13.6 Non-Exclusivity
The indemnification and advancement of expenses provided by, or granted pursuant to, this Article shall not be deemed exclusive of any other rights to which those seeking indemnification or advancement of expenses may be entitled under any agreement, vote of Directors, or otherwise, both as to action in their official capacity and as to action in another capacity while holding such office.
13.7 Insurance
The Company may purchase and maintain insurance on behalf of any Person who is or was a Director, Series Manager, officer, employee, or agent of the Company or any Series against any liability asserted against such Person and incurred by such Person in any such capacity, or arising out of such Person's status as such, whether or not the Company would have the power to indemnify such Person against such liability under the provisions of this Article.
13.8 Series Indemnification
Each Series shall, to the extent legally permissible, indemnify any Person who was or is a party, or is threatened to be made a party, to any threatened, pending, or completed action, suit, or proceeding by reason of the fact that such Person is or was a Series Manager, officer, employee, or agent of such Series, against all expenses (including attorneys' fees), judgments, fines, and amounts paid in settlement actually and reasonably incurred by such Person in connection with such action, suit, or proceeding.

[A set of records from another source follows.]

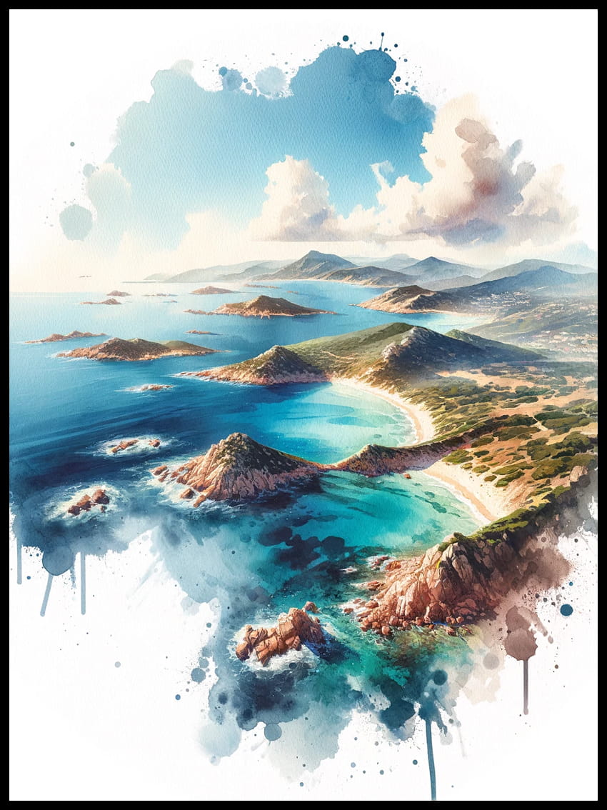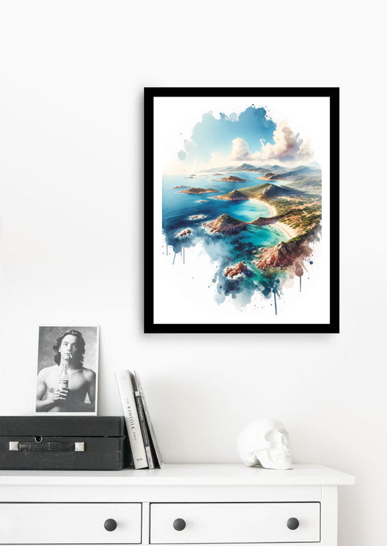 Odkryj Sardynię na nowo dzięki temu wyjątkowemu plakatowi! Nasza akwarelowa interpretacja uchwyciła esencję tej urokliwej wyspy, przenosząc jej kolorowy krajobraz, bogactwo kultury i ciepło słońca prosto na ściany Twojego domu.
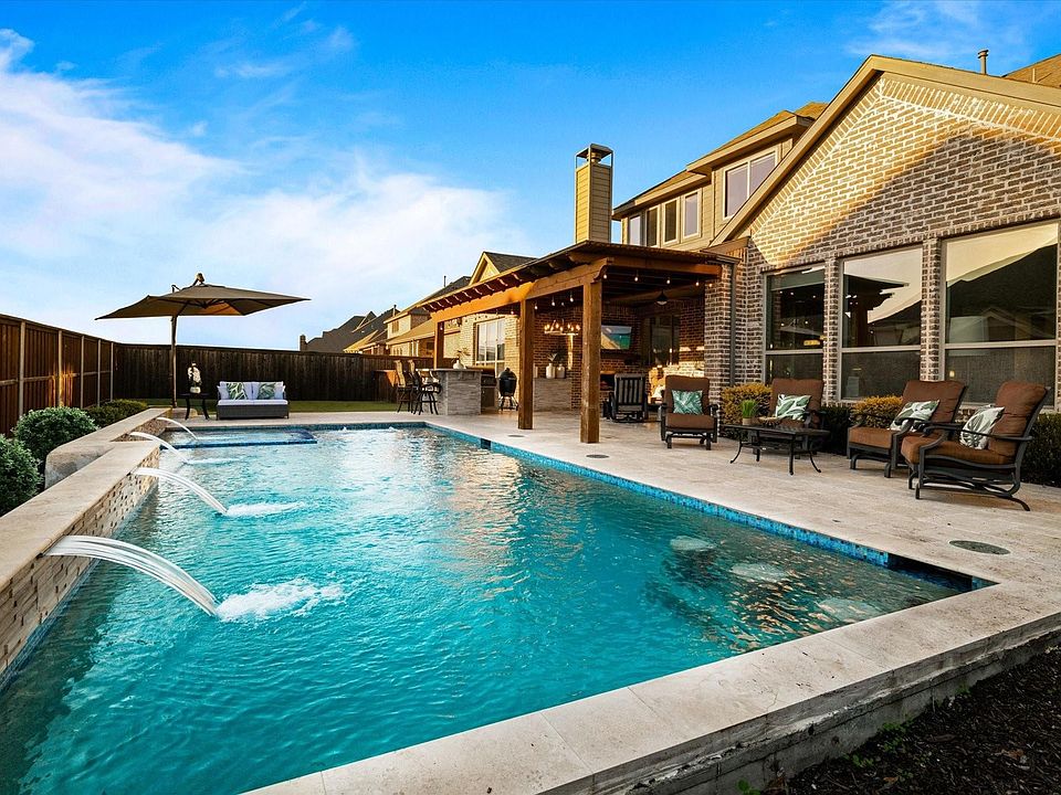 Active Kickout Status! Resort-Style living in this 5-bdrm, 5.5 bath Shaddock home located in the highly sought after master-planned community of Mustang Lakes! PROSPER ISD. Recent upgrades include new approx. 80oz carpet, lighting, appliances and landscaping. Ideal open floor-plan with hardwood floors, designer lighting, quartz countertops, expansive kitchen cabinetry, 5 burner gas cooktop, automatic window shades, master closet system with built in jewelry drawers and hamper. Primary and guest bdrm downstairs, 3 bdrms upstairs all with en-suite bathrooms. Amazing backyard oasis with heated pool, spa, outdoor kitchen, fireplace, maintenance-free artificial turf, dog run, travertine decking and extended patio with pergola. 3rd car garage complete with heating and cooling unit can be used as a gym or workstation. Onsite elementary school, resort style pools with cabanas, fitness center, tennis courts, sports courts, fishing lakes and more. Easy access to DNT, US Hwy 75 and 380.
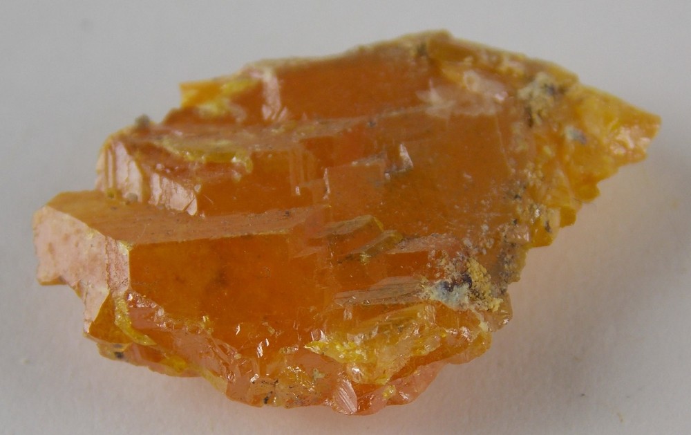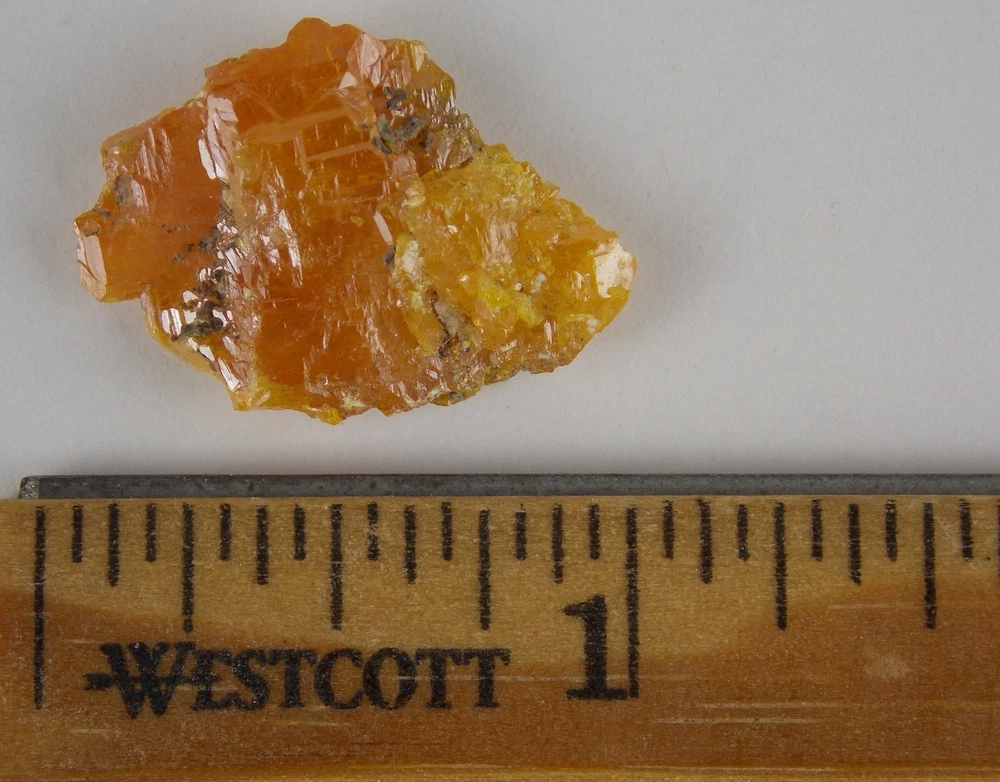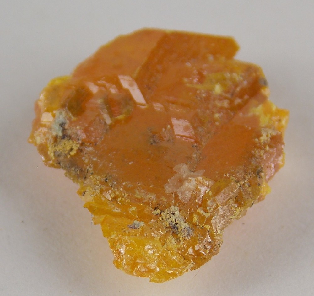 LARGE WULFENITE CRYSTAL - 2.4 cm - OLD YUMA MINE, ARIZONA 29012 LARGE WULFENITE CRYSTAL - 2.4 cm OLD YUMA MINE, ARIZONA This is a very good thumbnail specimen from this old time location. The abandoned workings at the Old Yuma near Tucson were like a training ground for many of Arizona's premier mineralogists and collectors a number of decades ago. Being too close to the suburban expansion of Tucson, the mine was reclaimed years ago. Wulfenite specimens from the Old Yuma are no longer seen frequently. This specimen is an example of a single crystal off matrix. The crystal has damage around its edges with beautiful faces of a non textbook tetragonal habit. It has a wonderful deep orange to yellow color. The Mineralogical Record Vol. 14, No. 3 (1983) has a great article on this mine. (and some super wulfenite photos) Location: Old Yuma Mine, Tucson Mountains, Pima County, Arizona, USA Dimensions: 2.4 x 1.7 x 0.5 cm For dimensions in inches, click on the photo with the ruler. Net Weight: 5 grams Stock number 29012 We invite you to view the specimens, jewelry and cabs from Belkis Minerals ebay store. Listing and template services provided by inkFrog
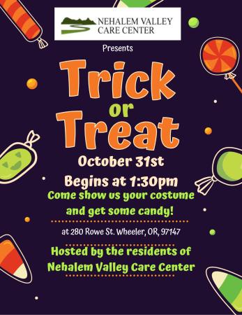 Halloween Trick or Treat at Nehalem Valley Care Center! Come show the residents and staff your costumes and get some candy! Starts at 1:30 just inside the front door. If nobody is there later in the day, come to the nurses station!

13.9 Survival of Indemnification
The rights to indemnification and advancement of expenses provided by, or granted pursuant to, this Article shall continue as to a Person who has ceased to be a Director, Series Manager, officer, employee, or agent and shall inure to the benefit of the heirs, executors, and administrators of such Person.
13.10 Severability
If any provision of this Article shall be deemed invalid or unenforceable, such invalidity or unenforceability shall not affect any other provision of this Article, and this Article shall be construed and enforced as if such invalid or unenforceable provision had not been included herein.
13.11 Intent
It is the intent of this Article to provide indemnification to Directors, Series Managers, officers, employees, and agents to the fullest extent permitted by the TBOC. If the TBOC is amended after the date of this Agreement to authorize corporate action further eliminating or limiting the personal liability of Directors, Series Managers, officers, employees, or agents, then the liability of a Director, Series Manager, officer, employee, or agent of the Company or any Series shall be eliminated or limited to the fullest extent permitted by the TBOC, as so amended.